I should also mention that Samuel L. Jackson repeatedly appears as Dolmedes to narrate the film, speaking in rhymes that are at times profanely funny. You won’t forget him.
Lee’s film challenges America to look behind the curtain when it comes to gun violence. Since 2001, more Chicago residents have been murdered than the collective number of American soldiers who died in both Afghanistan and Iraq. While our elected leaders and presidential candidates urge us to bury our heads in the sand when it comes to a meaningful discussion about passing sensible gun legislation, the fact remains that black residents of major metropolitan areas are being betrayed.
Like it or not, “Chi-Raq” has the courage to point out how lingering racism spawned from centuries of slavery is still seen in this country.
What Lee does is offer a meaningful alternative to a government that does nothing about this ghastly problem.
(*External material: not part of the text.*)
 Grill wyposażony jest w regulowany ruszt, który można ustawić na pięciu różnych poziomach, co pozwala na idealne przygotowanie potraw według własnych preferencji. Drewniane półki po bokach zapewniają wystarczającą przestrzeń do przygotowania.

What do you think the reaction would be if all women in our society simply withheld sex until people turned in their guns?
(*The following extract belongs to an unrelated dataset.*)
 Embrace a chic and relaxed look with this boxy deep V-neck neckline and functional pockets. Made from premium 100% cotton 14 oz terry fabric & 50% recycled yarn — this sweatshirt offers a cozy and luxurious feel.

Make fun of it all you want, but I think even Donald Trump would be forced to take action if Melania locked his bedroom door.
Top films of 2015
Since my deadline for this issue preceded the release of “Star Wars: The Force Awakens” and some interesting Christmas releases, I thought I would extend to all of you a Christmas gift by pointing out my favorite films of 2015. They are listed in no particular order.
1. “Mad Max: Fury Road.” Led by Charlize Theron’s magnificent performance, I noted in my review that the subtitle of the film should simply be, “Band of Sisters.” I suspect it will not be ignored at Oscar time.
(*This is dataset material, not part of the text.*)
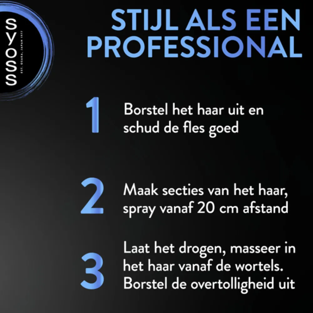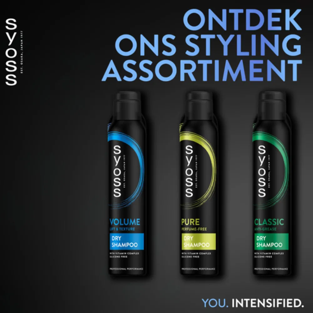 Breng het gevoel dat je net van de kapper komt thuis tot leven met Syoss! De salon- geïnspireerde SYOSS Droogshampoo, ontwikkeld met en getest door kappers, biedt je de kans nog langer van die salon look te profiteren, gewoon thuis. De formule met vitminecomplex, een combinatie van Panthenol en Niacinamide, versterkt de haarstructuur en geeft direct een volumeboost en textuur. Voor een zuiver en fris haargevoel, zonder water te gebruiken.

2. “Grandma.” Lily Tomlin is a knockout as a lesbian grandmother trying to help a teenage granddaughter obtain an abortion. And for those of you shaking your head, please remember that it is very, very funny.
3. “Me and Earl and the Dying Girl” and “McFarland, USA.” Two tiny films that you will embrace for different reasons. The latter is the finest work that Kevin Costner has done in a long time.
4. “Best of Enemies” and “Amy.” The two best documentaries of the past year. You will be fascinated by both.
5. “Sicario.” Emily Blunt deserves Oscar consideration and Benicio Del Toro is as nasty as he’s ever been.
6. “Trumbo” and “Spotlight.” Two fantastic films that recreate moments in our recent history that most of us would rather forget.
7. “Ex Machina” and “Testament of Youth.” Two brilliant performances from Alicia Vikander, and I can’t wait to see her in “The Danish Girl.”
8. “Mr. Holmes.” Ian McKellen plays a 90-year-old Sherlock Holmes and that is all I need to say.
9. “Straight Outta Compton.” See it and try not to tap your foot during the entire film.
10. “Brooklyn.” A movie about a young Irish immigrant girl that will resonate with all girls, young and old. And I should add that aging men also will find it special.
11. “Suffragette” and “The Walk.” Two brilliant films that were largely overlooked. Women applauded when I saw the former, and the latter re-creates a moment in history that will leave you with sweaty palms.
That leaves “The Revenant,” “Carol,” “The Hateful Eight,” “The Big Short” and “Legend” to be seen during the Christmas holiday.
See any of these films and consider them a gift from Santa Claus.•
Robert Hammerle practices criminal law in Indianapolis at Pence Hensel LLC as of counsel. When he is not in the courtroom or the office, Bob can likely be found at one of his favorite movie theaters watching and preparing to review the latest films. To read more of his reviews, visit www.bigmouthbobs.com. The opinions expressed are those of the author.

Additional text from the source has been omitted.